多くのケースでは、委託元が依頼した作業の内容を見極められていない、と言う理由があるからである。必要とする期日まで時間を使い切ってしまった上で、得られた結果が期待する結果にならなかった場合、分析方法を変えるとか追加でメトリクスを収集するとか対処する時間を確保できず、結果的にはその委託元は立場がなくなることを恐れているからである。

委託元の立場はどうでも良い(ビジネスになっているなら良くない)が、結果により将来が左右されるのであればそれは回避したいところである。

ここでもエンジニアは期待する結果を得られようが、得られまいがそれは委託元の先のビジネスであってエンジニアの立場では関係がないと短絡的な反応をするケースがあとをたたないが、ここで切ってはいけない。ビジネスとして。

ちょっと勘違いをされるとあとがおかしくなるので補足しておくと、無駄な作業でも言われたことをホイホイやる何も考えもせず仕事をやっておけばいいとは思っていない。

ここで押さえておきたいことは、その作業=中間的な作業をすることに価値があるかどうかを受け止めよう、と言うことだ。
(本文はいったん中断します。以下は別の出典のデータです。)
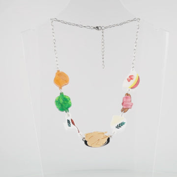 Convey your Christmas dinner with you in this dazzling necklace! Featuring an acrylic Yorkshire pudding, sprout, gravy-pouring jug, turkey plate, mashed potato bowl, pigs in blankets, and trifle charm, this unique necklace is handmade in Manchester with lots of love. Add a fun, festive flair with this show-stopping piece!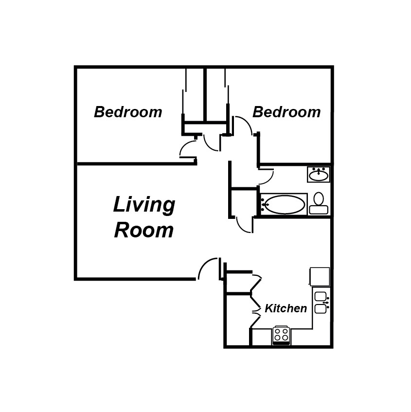 Apartment Model: 2 Bed 1 BathFrom $8992 Bedroom, 1 Bath, 800 sq ftAvailable NowFloorplansPhotos![]()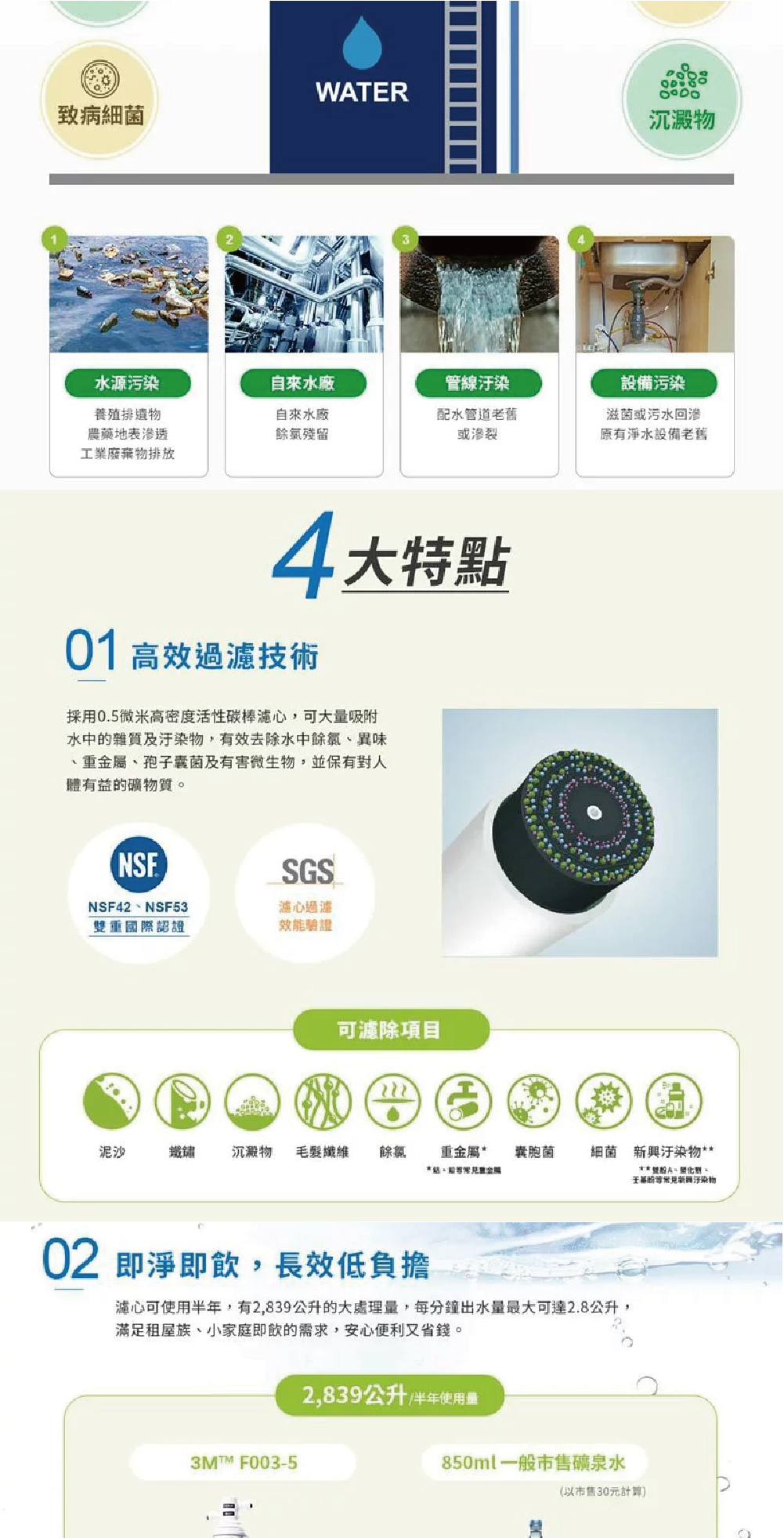 * 選用通過美國NSF認證(42.53)的高密度活性碳棒濾心,有效濾除餘氯及異味、沈積物、孢囊菌、重金屬鉛

 長くなったのでおさらいをすると、委託元は分析結果を見なければそのあとのアクションを変えざるを得なくなる場合、期待する結果となるか期待する結果とならないかをリカバリできるだろうタイミングで判断したいと言う段取りと心情は理解できるものだ。

これは何かに類似しているパターンではないだろうか。

そう、アジャイル開発でのスプリントを短くして早く結果を手に入れ、ビジネスにフィードバックするのと同じである。

アジャイル開発は、短いスパンで結果を判定し、ビジネスの方向性をピボットするかどうかを判断すると言う考え方は情報施策の企画やフィージビリティスタディで使えるのである。

エンジニアの目線でだけで見ると同じ作業を2回することになり無駄に見えるかもしれないが、委託元のポジションで考えると価値がある中間作業に変わるのである。

ではエンジニアはどうしたら良いか。

基本はやりましょう、と言えばいい。つまり、yes,butと始めればいい。スケジュールが詰まっているなら中間作業をすると他の作業を後ろ倒しするスケジュールの調整はその場でコメントをすること。

もし、実作業をするのが依頼を受けた本人ではなく、別のメンバの場合、1回目の作業をする際に、手順の確立をさせておくことと2回あるよと申し送りしておくこと。

最初から2回やると言っておけば、単なる2ショットと受け止められる。先が見えないところで追加をされる方がよっぽど嫌な気持ちになるものだから。